• _TASK INSTRUCTIONS_
Beginning with the line of the entries below that holds "(A) The chromatographic" and ending with the line that holds "瑞可达融资融券信息显示,20", transcribe each line exactly as written. Pictures stay out.

• _EXERCISE DATA_
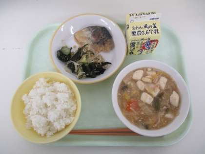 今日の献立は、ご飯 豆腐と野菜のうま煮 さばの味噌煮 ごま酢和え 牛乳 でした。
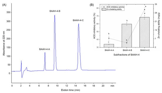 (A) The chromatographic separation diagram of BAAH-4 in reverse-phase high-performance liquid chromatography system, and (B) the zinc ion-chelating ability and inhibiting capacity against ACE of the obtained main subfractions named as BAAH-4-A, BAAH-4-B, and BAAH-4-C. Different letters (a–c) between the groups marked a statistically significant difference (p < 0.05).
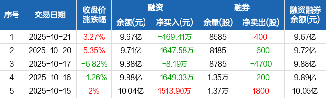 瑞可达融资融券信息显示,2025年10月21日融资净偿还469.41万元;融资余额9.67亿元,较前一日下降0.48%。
...
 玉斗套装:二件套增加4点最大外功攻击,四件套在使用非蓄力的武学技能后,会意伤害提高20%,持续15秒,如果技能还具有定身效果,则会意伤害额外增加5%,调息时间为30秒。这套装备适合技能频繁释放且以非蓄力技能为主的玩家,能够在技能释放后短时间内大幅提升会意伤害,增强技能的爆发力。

• _FINISHED TASK_
 (A) The chromatographic separation diagram of BAAH-4 in reverse-phase high-performance liquid chromatography system, and (B) the zinc ion-chelating ability and inhibiting capacity against ACE of the obtained main subfractions named as BAAH-4-A, BAAH-4-B, and BAAH-4-C. Different letters (a–c) between the groups marked a statistically significant difference (p < 0.05).
 瑞可达融资融券信息显示,2025年10月21日融资净偿还469.41万元;融资余额9.67亿元,较前一日下降0.48%。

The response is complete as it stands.